In the Indian context, where endogamy structures marital and kin relations, and where “the street” is frequently the environs of poor, low-caste, and Muslim men, the perceived dangers of public space for women are significantly linked to class, caste, and religious relations.
In this regard, the BJP’s occlusion of domestic and workplace violence is in line with other religious nationalist parties, which defend traditional family ties as a site of social reproduction and moral socialisation while highlighting the dangers that unknown men pose to women’s well-being.
Finally, by using a corrupt, overburdened, and heavily politicised police force to implement its anti-harassment policies, the BJP mobilises an institution that is permeable to political pressure and thus easily controlled.
Police appointments, postings, and promotions are controlled by state governments and, by default, the political parties that run them. BJP politicians and BJP-affiliated member organisations can use the police to exercise discretion, defining which acts constitute harassment and how harassment is regulated.

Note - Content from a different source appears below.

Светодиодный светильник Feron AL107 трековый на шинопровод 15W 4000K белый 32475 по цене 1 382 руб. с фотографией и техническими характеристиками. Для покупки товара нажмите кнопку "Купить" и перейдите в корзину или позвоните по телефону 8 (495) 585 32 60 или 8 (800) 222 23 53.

The UP police force’s collaboration with all-men Hindu nationalist paramilitary organisations and widespread reports of extra-legal punishment is telling in this regard, as are reports of policing squads engaging in moral policing, cleansing the public sphere of homosexuality, and restricting sexual activity between men and women of different social groups.
Gujarat’s Anti-Romeo squads have been known to arrest both men and women, dubbed “Romeos” and “Juliets.” Romeo and Juliet, after all, are fictional characters from two warring clans who were in a consensual relationship. The names have nothing to do with sexual harassment, understood as a non-consensual act of violence. They have everything to do with sexual relations that violate social boundaries.

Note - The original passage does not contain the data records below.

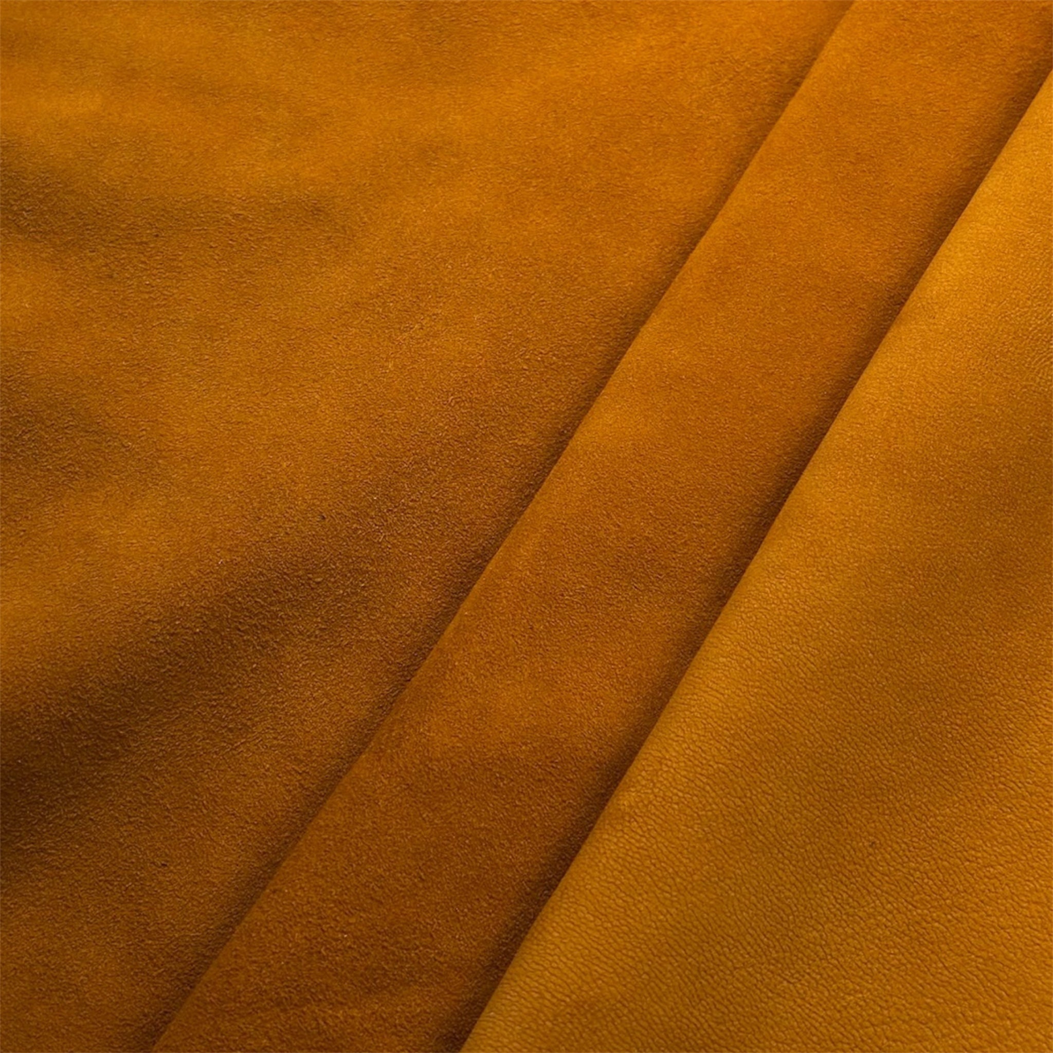 Thick Orange-Yellow Hues Suede Lambskin Pieces. Soft sewing hides. Amazing leather for bag and purse crafters will be long-lasting. Our mission is to provide only the highest quality Italian leather to other leather workers, crafters of all kinds, small businesses, or shops for your projects.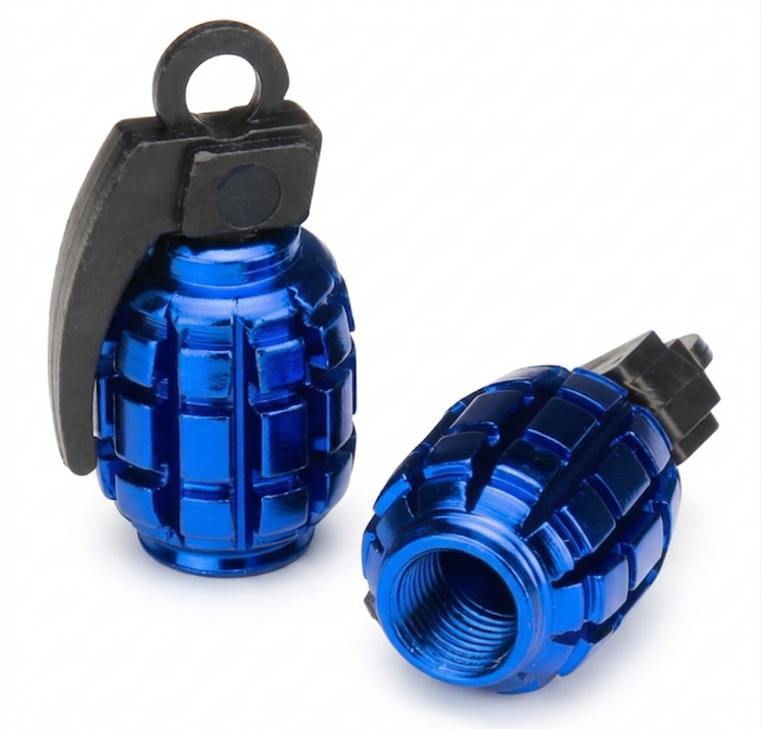 - `A NEW ITEM - Valve Cap, alloy anodised Blue, Grenade, A/V (Sold Individually)
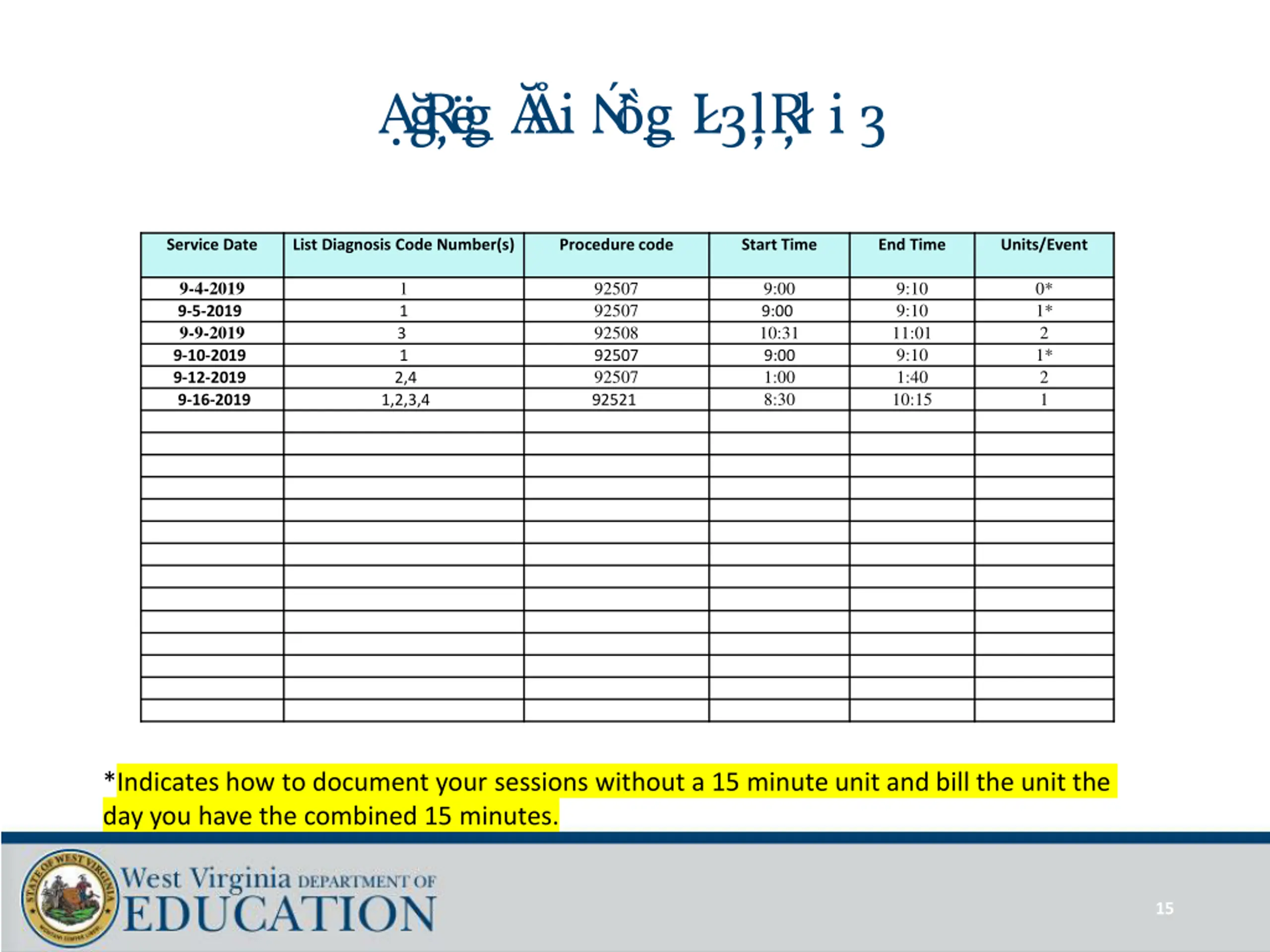 Cl a i m Do c um enta ti o n Service Date List Diagnosis Code Number(s) Procedure code Start Time End Time Units/Event 9-4-2019 9-5-2019 9-9-2019 9-10-2019 9-12-2019 9-16-2019 1 1 3 1 2,4 92507 92507 92508 92507 92507 92521 9:00 9:00 10:31 9:00 1:00 8:30 9:10 9:10 11:01 9:10 1:40 10:15 0* 1* 2 1* 2 1 1,2,3,4 *Indicates how to document your sessions without a 15 minute unit and bill the unit the day you have the combined 15 minutes. 15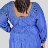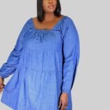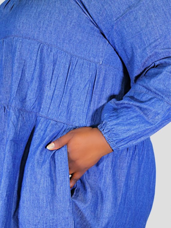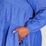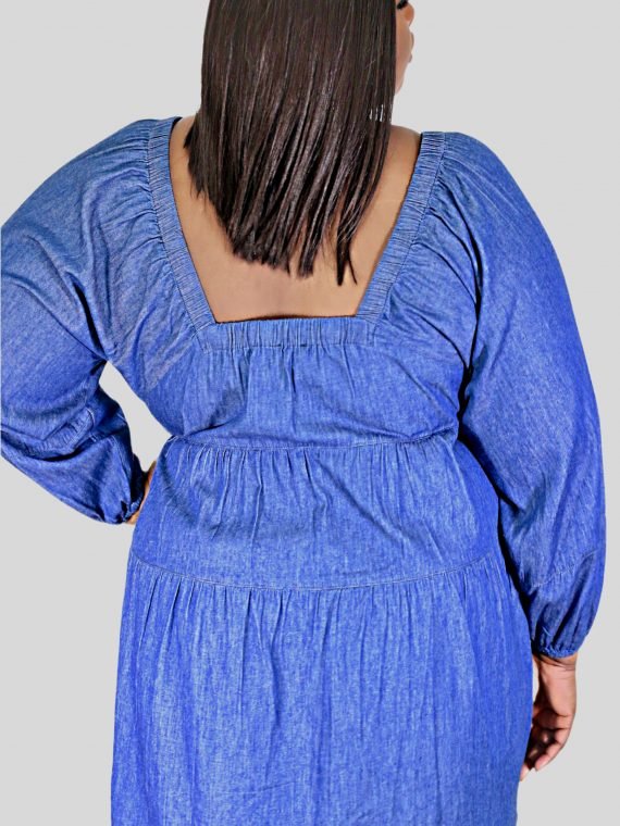 This is a soft cotton denim mini dress featuring a square neckline and a tiered silhouette for a relaxed, feminine look. It includes two practical pockets, voluminous sleeves gathered at the cuffs and shoulders, adding a touch of elegance and comfort to the design. Perfect for casual outings or effortless everyday style.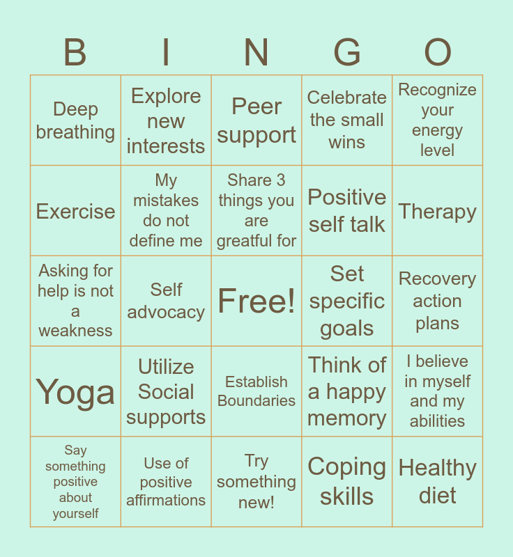 This bingo card has a free space and 24 words: Utilize Social supports, Use of positive affirmations, Share 3 things you are greatful for, Say something positive about yourself, Recognize your energy level, Deep breathing, Exercise, Explore new interests, Set specific goals, Establish Boundaries, Positive self talk, Asking for help is not a weakness, Think of a happy memory, I believe in myself and my abilities, My mistakes do not define me, Coping skills, Recovery action plans, Peer support, Therapy, Self advocacy, Healthy diet, Yoga, Celebrate the small wins and Try something new!.

By policing street harassment, the BJP can use the guise of legality and a malleable legal institution to reinforce heterosexuality and classed, caste-based, and religious social hierarchies. The party can also draw attention away from violence within homes and workplaces, affirming the sanctity of family life and avoiding the hassle of regulating enclosed spaces.
Finally, the BJP can advance these agendas while appearing to address a real concern: women’s public safety. Street harassment provides the party the perfect umbrella for furthering women’s rights while simultaneously affirming regressive social relations.
Poulami Roychowdhury is the author ofCapable Women, Incapable States: Negotiating Violence and Rights in India (Oxford University Press, 2020). She is an Associate Professor of Sociology at McGill University.